Leo’s fervent words Ethne found, more and more, were no mere holiday strains of soothing or exciting music, but a clarion call making no uncertain sound, summoning for the perpetual battle with sloth and selfishness, with the paralysis of hopelessness or of lazy content, with sin and wrong within and without.
In the sonorous, sententious Latin, Leo’s strong words rang out, in the grand language of law and war which held its own so long in the Church, which at that time had been softened into none of its daughter-tongues, but stood, amidst the countless, shifting dialects of the barbarians, the one great language of law and literature, and of the Christian worship of the West. Leo himself knew no other; of Greek he was ignorant, or, at least, did not speak or write it.

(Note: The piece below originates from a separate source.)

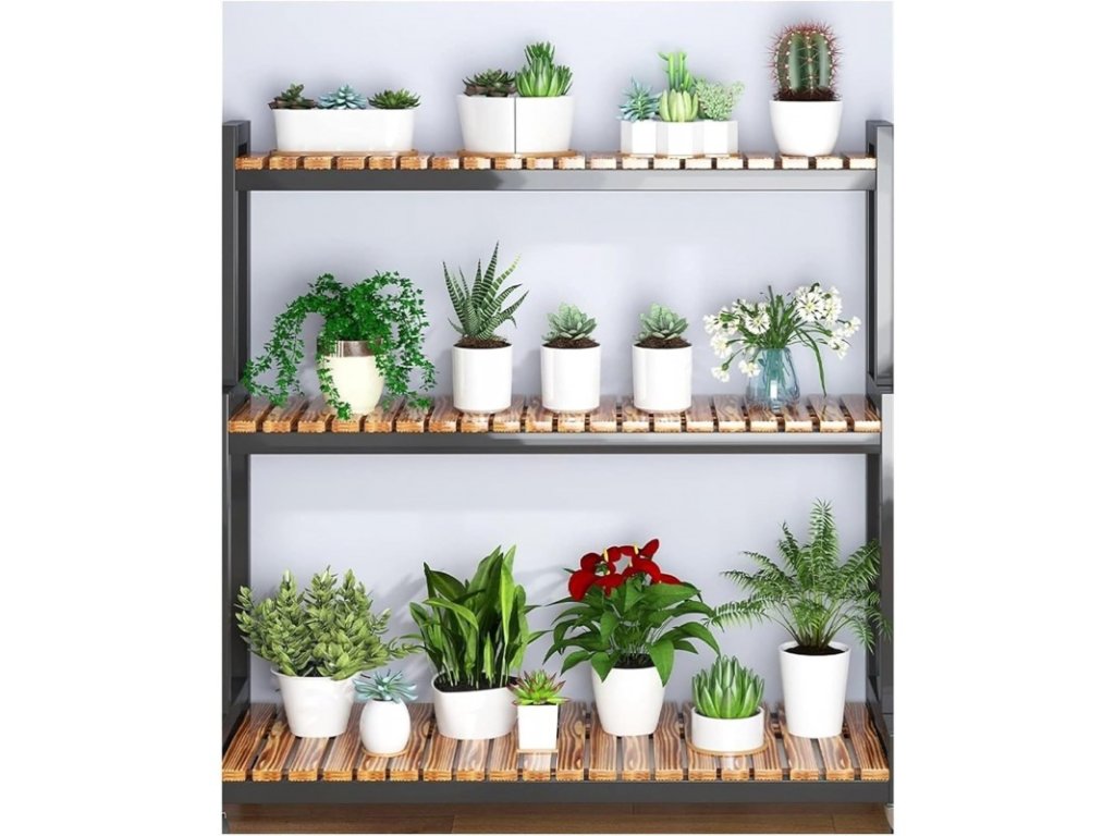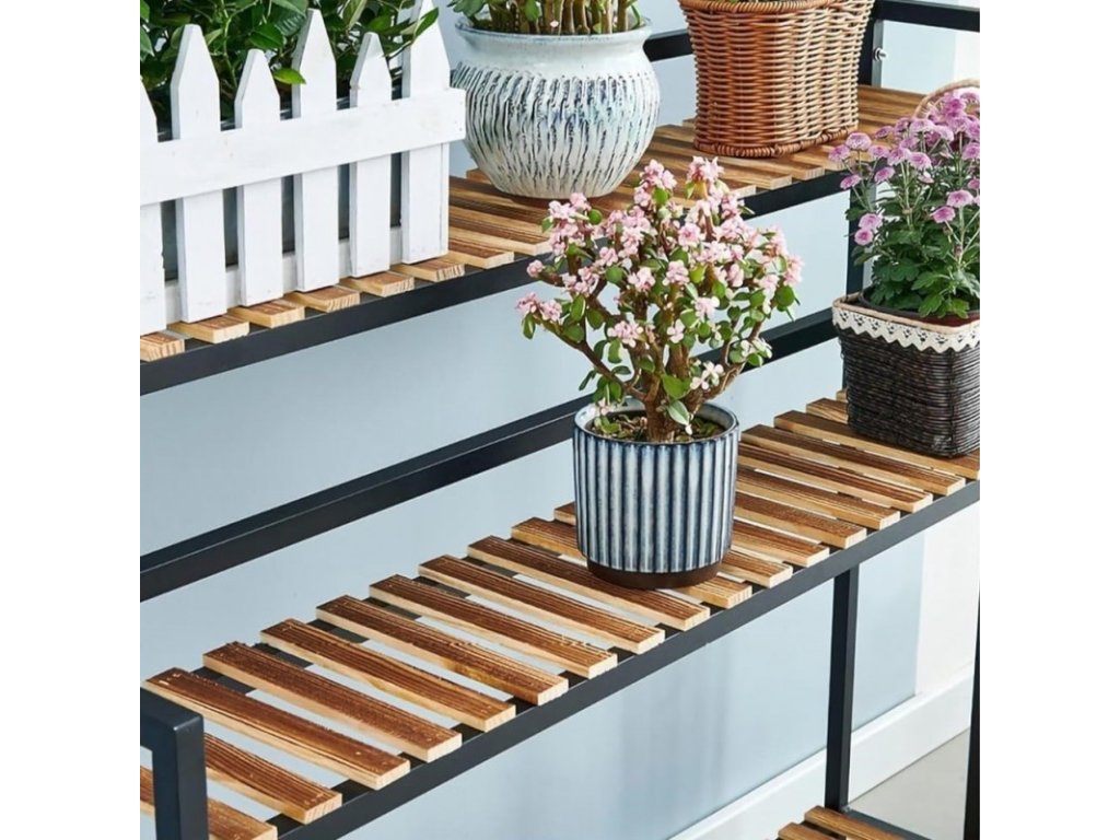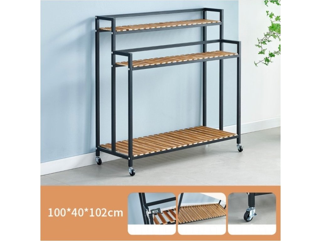 Stojak na kwiaty z 3 półkami FLOREXA 100x40x102 cm, czarny

His letters had to be translated for the Eastern Church.
From Damaris Ethne began indeed to learn something of her native Greek, but as yet only as a beautiful foreign language. Latin was becoming to her familiar as a mother-tongue, and she listened enrapt as Leo spoke in the great basilicas words such as these: “Templum Dei sumus, si Spiritus Dei habitat in nobis. Plus est quod fidelis suo habet animo quam quod miratur cœlo”—words which gained a double significance and force, because, like so many of Leo’s utterances, they were watchwords, they were weapons used against a lingering paganism which made many turn in idolatrous worship towards the sun, on the very steps of the Christian basilica.